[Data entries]

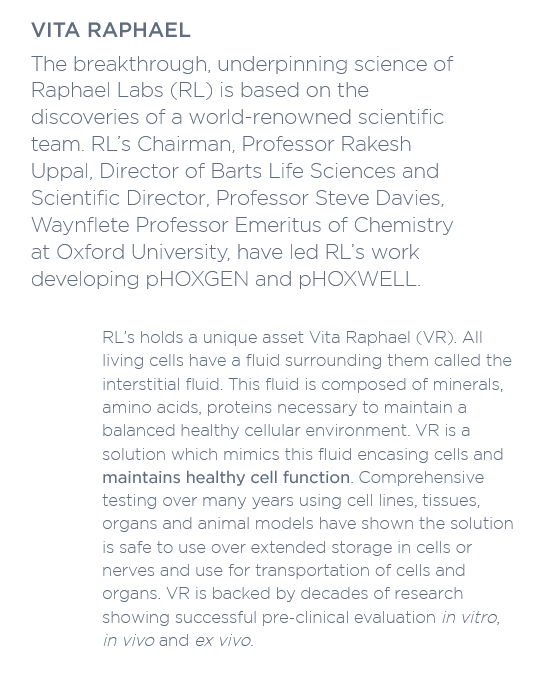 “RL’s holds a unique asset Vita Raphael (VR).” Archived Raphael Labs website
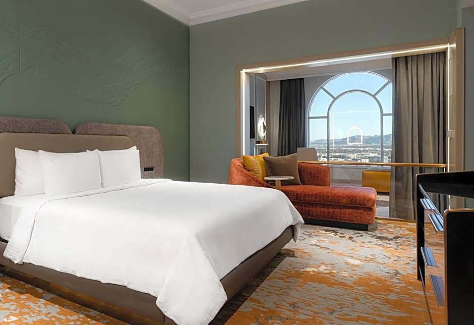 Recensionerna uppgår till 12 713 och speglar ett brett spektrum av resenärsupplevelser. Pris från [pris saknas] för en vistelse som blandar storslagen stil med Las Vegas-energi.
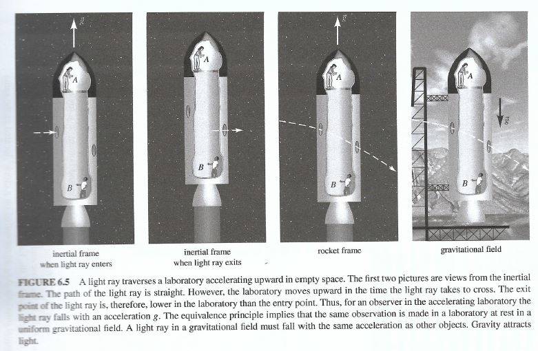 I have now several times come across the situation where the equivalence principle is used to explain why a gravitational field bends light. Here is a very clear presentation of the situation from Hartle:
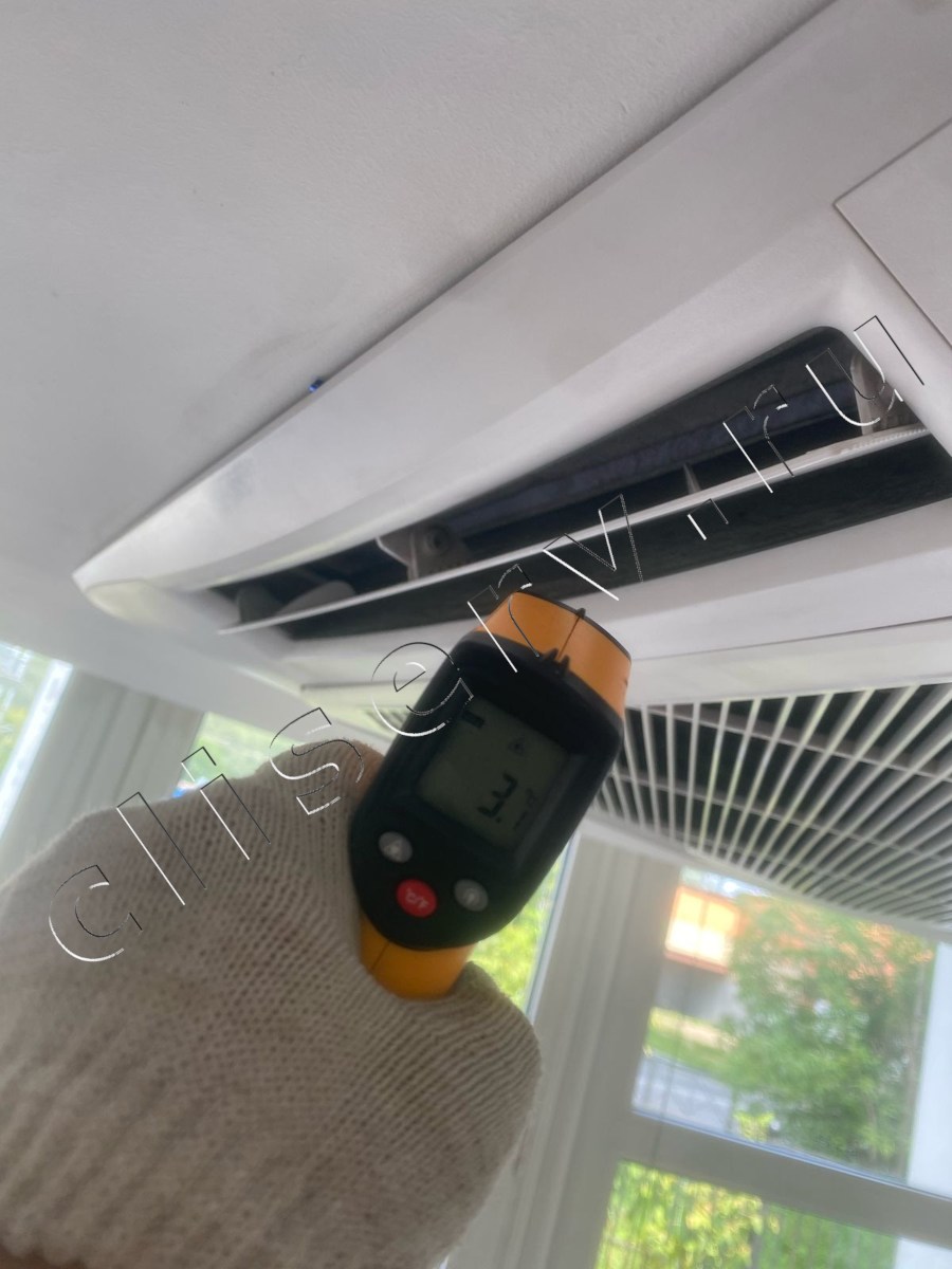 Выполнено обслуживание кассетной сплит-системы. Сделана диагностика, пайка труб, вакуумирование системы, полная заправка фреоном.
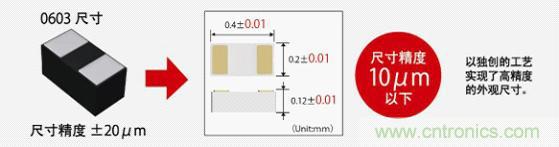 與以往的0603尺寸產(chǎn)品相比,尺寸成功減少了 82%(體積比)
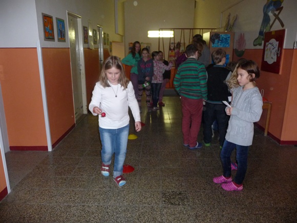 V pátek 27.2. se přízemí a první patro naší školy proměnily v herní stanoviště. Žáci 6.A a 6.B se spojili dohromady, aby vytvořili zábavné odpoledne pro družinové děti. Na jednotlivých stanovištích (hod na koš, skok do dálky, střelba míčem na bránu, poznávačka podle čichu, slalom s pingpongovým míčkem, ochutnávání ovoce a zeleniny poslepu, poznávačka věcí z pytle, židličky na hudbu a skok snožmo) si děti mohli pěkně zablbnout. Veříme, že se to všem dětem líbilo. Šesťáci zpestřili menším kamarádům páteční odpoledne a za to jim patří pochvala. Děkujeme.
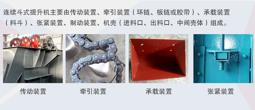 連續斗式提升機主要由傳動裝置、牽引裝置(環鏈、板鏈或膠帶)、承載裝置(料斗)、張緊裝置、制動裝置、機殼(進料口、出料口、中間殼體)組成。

### Task to complete
What is needed is an exact copy of the entries, without any images.

### Solution for this exercise
 “RL’s holds a unique asset Vita Raphael (VR).” Archived Raphael Labs website
 Recensionerna uppgår till 12 713 och speglar ett brett spektrum av resenärsupplevelser. Pris från [pris saknas] för en vistelse som blandar storslagen stil med Las Vegas-energi.
 I have now several times come across the situation where the equivalence principle is used to explain why a gravitational field bends light. Here is a very clear presentation of the situation from Hartle:
 Выполнено обслуживание кассетной сплит-системы. Сделана диагностика, пайка труб, вакуумирование системы, полная заправка фреоном.
 與以往的0603尺寸產(chǎn)品相比,尺寸成功減少了 82%(體積比)
 V pátek 27.2. se přízemí a první patro naší školy proměnily v herní stanoviště. Žáci 6.A a 6.B se spojili dohromady, aby vytvořili zábavné odpoledne pro družinové děti. Na jednotlivých stanovištích (hod na koš, skok do dálky, střelba míčem na bránu, poznávačka podle čichu, slalom s pingpongovým míčkem, ochutnávání ovoce a zeleniny poslepu, poznávačka věcí z pytle, židličky na hudbu a skok snožmo) si děti mohli pěkně zablbnout. Veříme, že se to všem dětem líbilo. Šesťáci zpestřili menším kamarádům páteční odpoledne a za to jim patří pochvala. Děkujeme.
 連續斗式提升機主要由傳動裝置、牽引裝置(環鏈、板鏈或膠帶)、承載裝置(料斗)、張緊裝置、制動裝置、機殼(進料口、出料口、中間殼體)組成。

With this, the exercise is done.